## Problem statement
The output should hold exactly, and only, the lines from the line bearing "This four bedroom, three" through the last line of the listing below, and no pictures.

## Data block
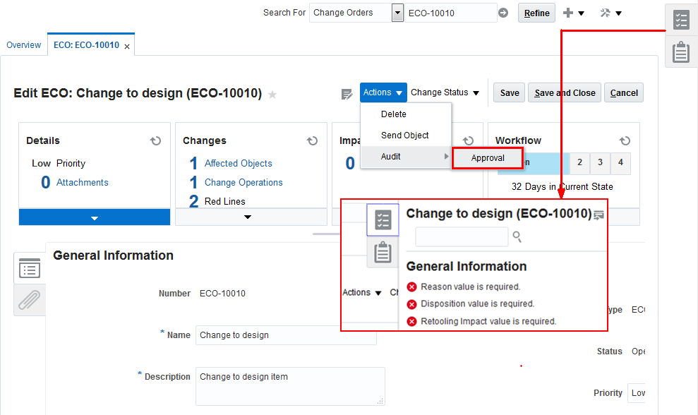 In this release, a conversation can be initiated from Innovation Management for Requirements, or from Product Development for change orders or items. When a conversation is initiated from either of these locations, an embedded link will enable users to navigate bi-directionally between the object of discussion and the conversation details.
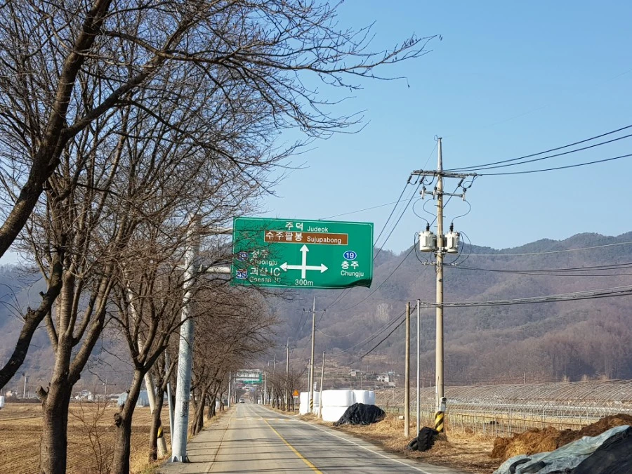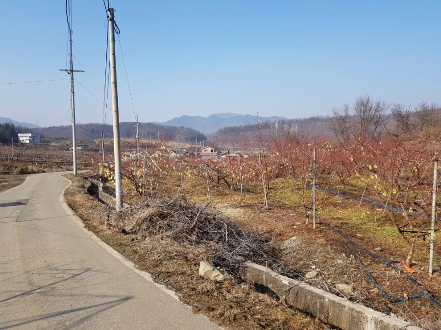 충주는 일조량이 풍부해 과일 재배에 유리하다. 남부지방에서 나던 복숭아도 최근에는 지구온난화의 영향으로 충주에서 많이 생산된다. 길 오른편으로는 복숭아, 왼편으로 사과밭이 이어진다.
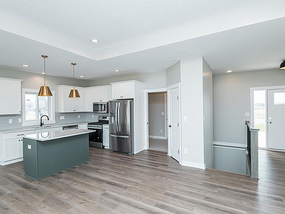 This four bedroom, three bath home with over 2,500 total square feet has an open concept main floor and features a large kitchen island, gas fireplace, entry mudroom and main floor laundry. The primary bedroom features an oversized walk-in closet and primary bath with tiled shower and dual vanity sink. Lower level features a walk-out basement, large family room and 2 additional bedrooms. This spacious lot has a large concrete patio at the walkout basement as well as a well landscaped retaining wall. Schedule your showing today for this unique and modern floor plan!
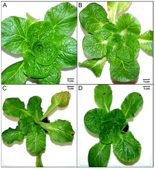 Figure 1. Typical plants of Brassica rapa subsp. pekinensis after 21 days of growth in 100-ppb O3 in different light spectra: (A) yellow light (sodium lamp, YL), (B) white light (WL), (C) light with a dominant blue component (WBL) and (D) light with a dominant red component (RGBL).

## Your solution
 This four bedroom, three bath home with over 2,500 total square feet has an open concept main floor and features a large kitchen island, gas fireplace, entry mudroom and main floor laundry. The primary bedroom features an oversized walk-in closet and primary bath with tiled shower and dual vanity sink. Lower level features a walk-out basement, large family room and 2 additional bedrooms. This spacious lot has a large concrete patio at the walkout basement as well as a well landscaped retaining wall. Schedule your showing today for this unique and modern floor plan!
 Figure 1. Typical plants of Brassica rapa subsp. pekinensis after 21 days of growth in 100-ppb O3 in different light spectra: (A) yellow light (sodium lamp, YL), (B) white light (WL), (C) light with a dominant blue component (WBL) and (D) light with a dominant red component (RGBL).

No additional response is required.